Alla luce del ruolo da lei ricoperto nella commissione che a livello governativo ha messo in cantiere la legge sull'eterologa, quali resistenze ha rilevato?
«Gli eventi si sono sviluppati in tempi rapidissimi e sorprendenti. Era l'estate scorsa, ero in vacanza: sono stato chiamato in fretta e furia a Roma per predisporre, assieme ai miei colleghi, le direttive che sarebbero state dopo approvate dalle regioni, passaggio fondamentale per passare dalle parole ai fatti. In 10 giorni siamo riusciti a fare tutto. Finalmente c'era una precisa volontà politica che era stata latitante fino allora. La nostra regione è stata altrettanto solerte nel rendere il testo concretamente applicabile, decidendo di farsi carico delle spese sanitarie. Tutto ciò fino a un anno fa era impensabile».

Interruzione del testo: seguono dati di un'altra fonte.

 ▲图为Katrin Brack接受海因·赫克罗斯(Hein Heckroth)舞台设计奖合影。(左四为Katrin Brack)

Qual è il confine tra la professione e la missione? «Non esiste. Noi gioiamo dei successi dei nostri pazienti: ci danno la carica per andare avanti. Non è facile. Non sempre i numeri sono confortanti. Il mio gruppo è composto da 14 persone (dipendenti e collaboratori) tra medici, biologi, infermieri, tecnici e personale di segreteria. Siamo una grande famiglia. Operiamo con entusiasmo e nonostante il super - lavoro (un esempio di «pregresso»: 300 ore di straordinario annue e 85 giorni di ferie ancora da fruire), spinta e motivazione non sono mai venute meno. Garantiamo 6.500 prestazioni ambulatoriali annue che rappresentano il 40% delle attività complessive della ginecologia».

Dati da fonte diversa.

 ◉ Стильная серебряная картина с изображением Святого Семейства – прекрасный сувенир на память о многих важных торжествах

Come ci si sente ad avere il «potere» di creare una vita?
«Io aiuto le persone a superare gli ostacoli. A creare la vita ci pensa qualcun altro. Lo dico da laico. Non credo che un essere umano ne possa creare un altro. C'è qualcuno sopra di noi che lavora meglio».
Cos'è per lei la famiglia oggi?
«Non necessariamente una coppia tradizionale con un bambino. La vita non sempre va come si vuole: si può per vari motivi perdere un coniuge e i figli crescono bene comunque, se c'è l'amore. Ne sono convinto anche per esperienza personale: ho divorziato, i ragazzi sono rimasti con me e sono due persone serene, in regola con gli studi, che sanno amare. La famiglia è convivenza, rispetto, amore, condivisione. Non sempre il matrimonio è garanzia di tutto ciò».
Quale consiglio alle coppie che desiderano un figlio, ma aspettano il momento giusto?
«Non mi permetto di giudicare chi ci arriva in età «avanzata». Consiglio le giovani donne di valutare l'opportunità di congelare gli ovociti in vista di una futura maternità».
Qual è il successo di cui è più orgoglioso?
«Essere la prima regione ad aver equiparato le donne con patologie oncologiche con buona prognosi di guarigione a quelle con problemi di infertilità. È l'unico modo per accedere ai percorsi di fecondazione assistita, indispensabili per prelevare, quando si è ancora in tempo, gli ovociti che verrebbero distrutti dalle terapie oncologiche. Poter preservare la fertilità dà loro una forza maggiore nell'affrontare le cure. Purtroppo, l'età di queste pazienti è sempre più bassa: 20-31 anni».